- [Assignment]
Once the line with "Skulk Knights Skin" is found in the entries below, print it and each following line exactly, stopping after the line with "下塗り。 外壁の下地を整え、塗料の密着性を高めます。"; print nothing else.

+++ Available data

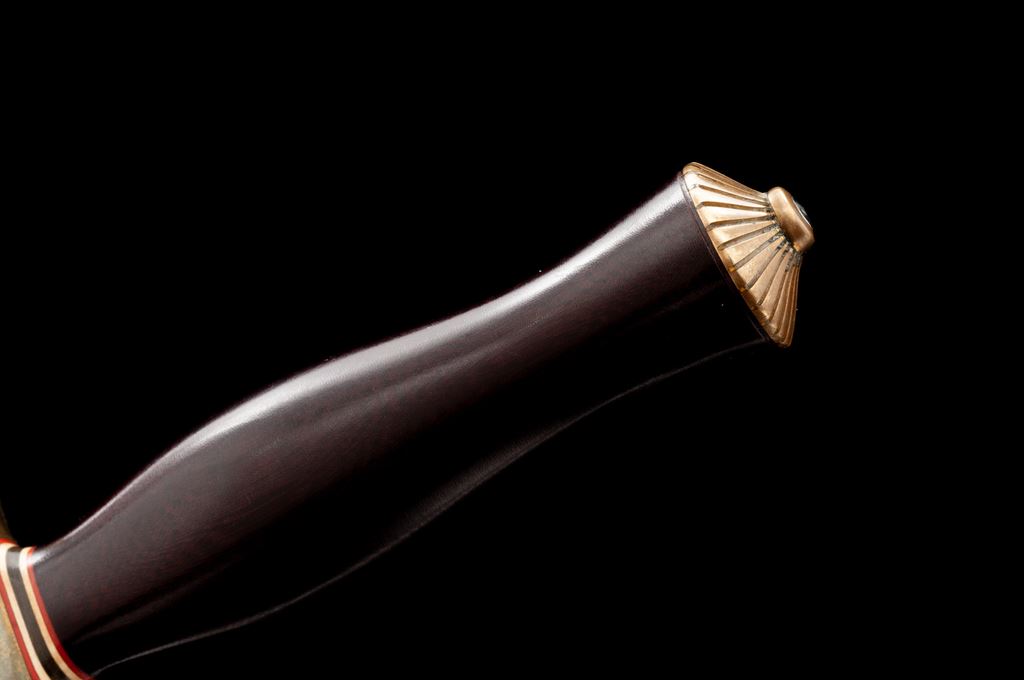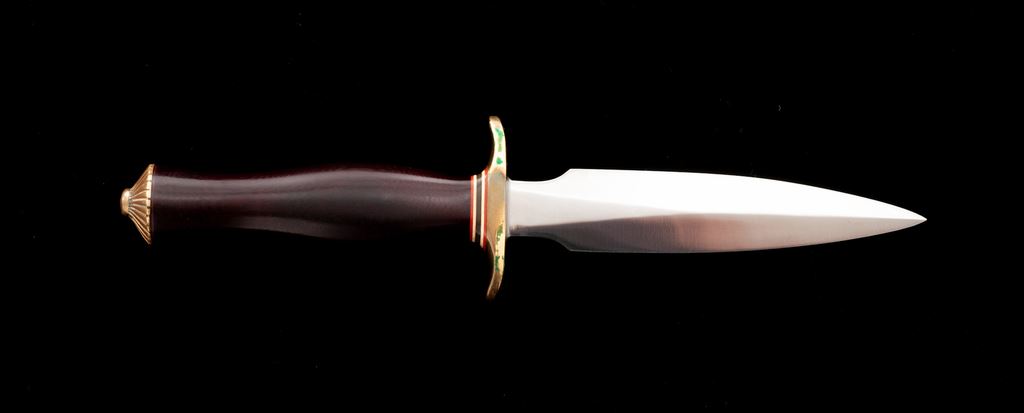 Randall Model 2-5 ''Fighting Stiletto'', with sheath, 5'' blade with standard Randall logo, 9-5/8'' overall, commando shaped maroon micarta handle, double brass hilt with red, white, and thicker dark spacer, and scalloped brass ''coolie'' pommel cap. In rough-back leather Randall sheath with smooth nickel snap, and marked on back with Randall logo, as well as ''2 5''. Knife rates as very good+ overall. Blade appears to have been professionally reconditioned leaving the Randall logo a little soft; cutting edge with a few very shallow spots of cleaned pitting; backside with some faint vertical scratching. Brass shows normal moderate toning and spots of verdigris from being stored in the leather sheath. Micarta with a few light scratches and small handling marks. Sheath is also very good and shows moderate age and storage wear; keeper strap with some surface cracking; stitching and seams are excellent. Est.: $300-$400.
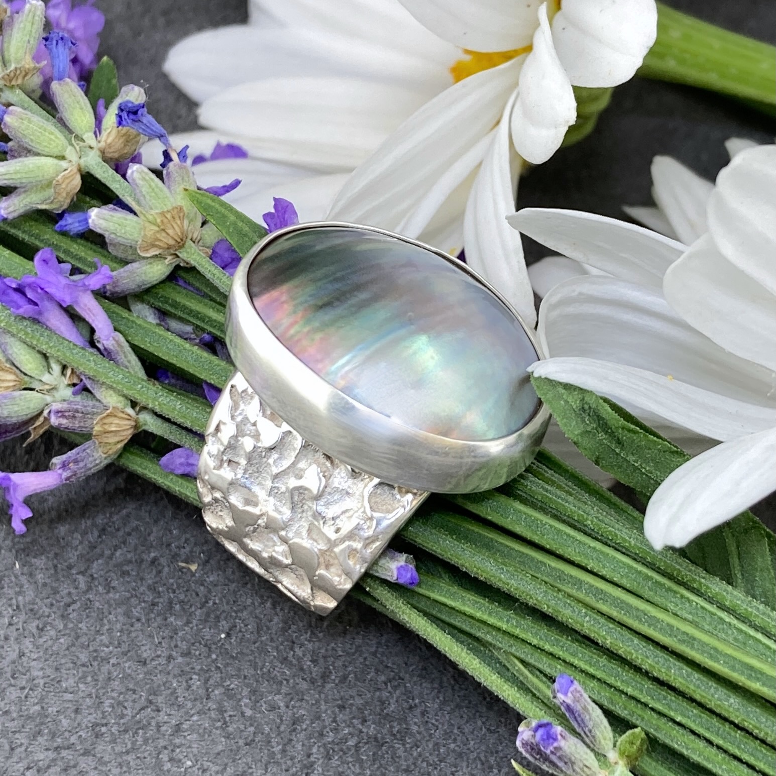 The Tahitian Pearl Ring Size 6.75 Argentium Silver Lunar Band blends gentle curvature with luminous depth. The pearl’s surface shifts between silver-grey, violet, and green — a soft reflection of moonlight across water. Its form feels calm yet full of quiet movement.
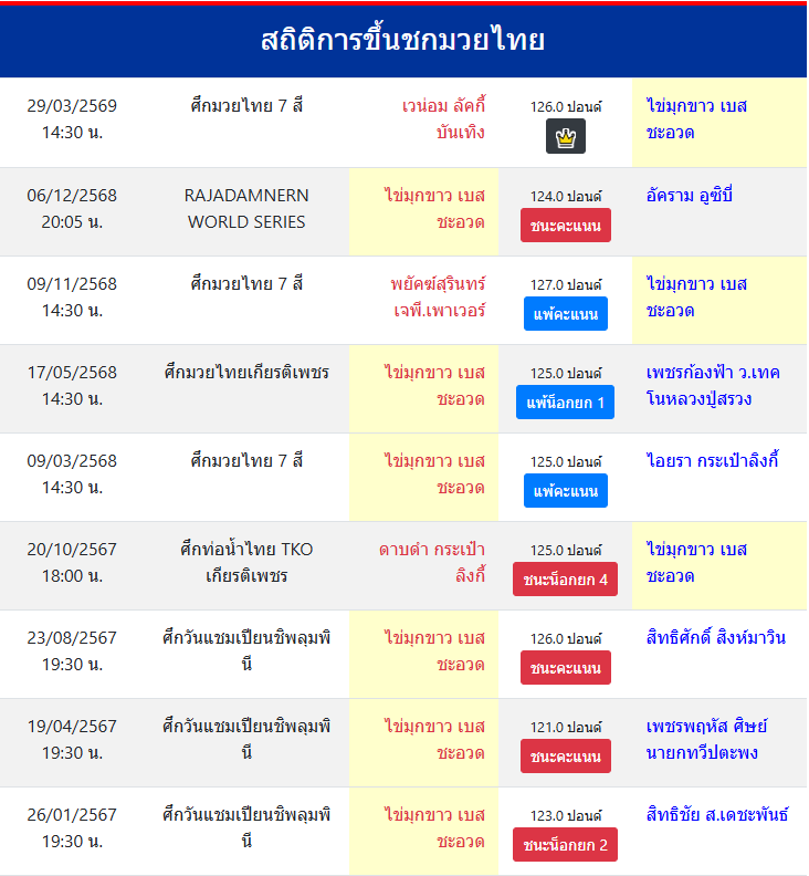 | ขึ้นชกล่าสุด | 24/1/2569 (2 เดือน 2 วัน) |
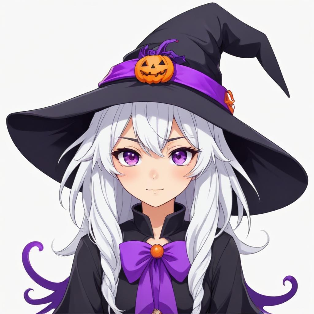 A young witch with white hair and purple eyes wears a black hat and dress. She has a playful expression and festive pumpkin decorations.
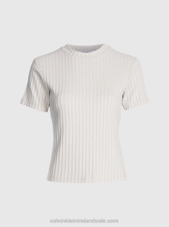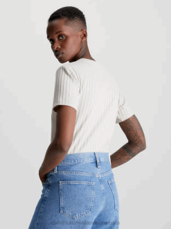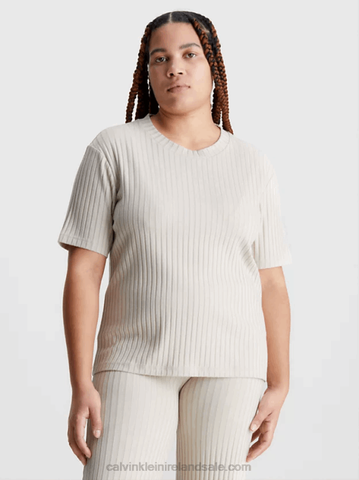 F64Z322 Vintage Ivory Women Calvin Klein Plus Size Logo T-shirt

++++++
+++ Available data

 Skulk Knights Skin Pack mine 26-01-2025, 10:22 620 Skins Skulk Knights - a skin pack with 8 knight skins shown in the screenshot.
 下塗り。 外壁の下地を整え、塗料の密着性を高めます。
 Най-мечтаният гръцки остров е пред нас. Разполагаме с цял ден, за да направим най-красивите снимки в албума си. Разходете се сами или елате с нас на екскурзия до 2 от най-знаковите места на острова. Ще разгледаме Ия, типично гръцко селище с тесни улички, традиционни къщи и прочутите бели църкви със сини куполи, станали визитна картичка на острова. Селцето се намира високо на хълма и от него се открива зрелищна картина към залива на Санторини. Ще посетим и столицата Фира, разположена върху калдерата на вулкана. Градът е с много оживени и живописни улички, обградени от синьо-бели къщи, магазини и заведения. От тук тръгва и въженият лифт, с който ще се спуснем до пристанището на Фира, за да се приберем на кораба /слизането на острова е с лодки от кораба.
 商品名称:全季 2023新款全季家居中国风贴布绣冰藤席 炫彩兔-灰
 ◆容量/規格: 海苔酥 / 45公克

++++++

- [Problem solution]
 Skulk Knights Skin Pack mine 26-01-2025, 10:22 620 Skins Skulk Knights - a skin pack with 8 knight skins shown in the screenshot.
 下塗り。 外壁の下地を整え、塗料の密着性を高めます。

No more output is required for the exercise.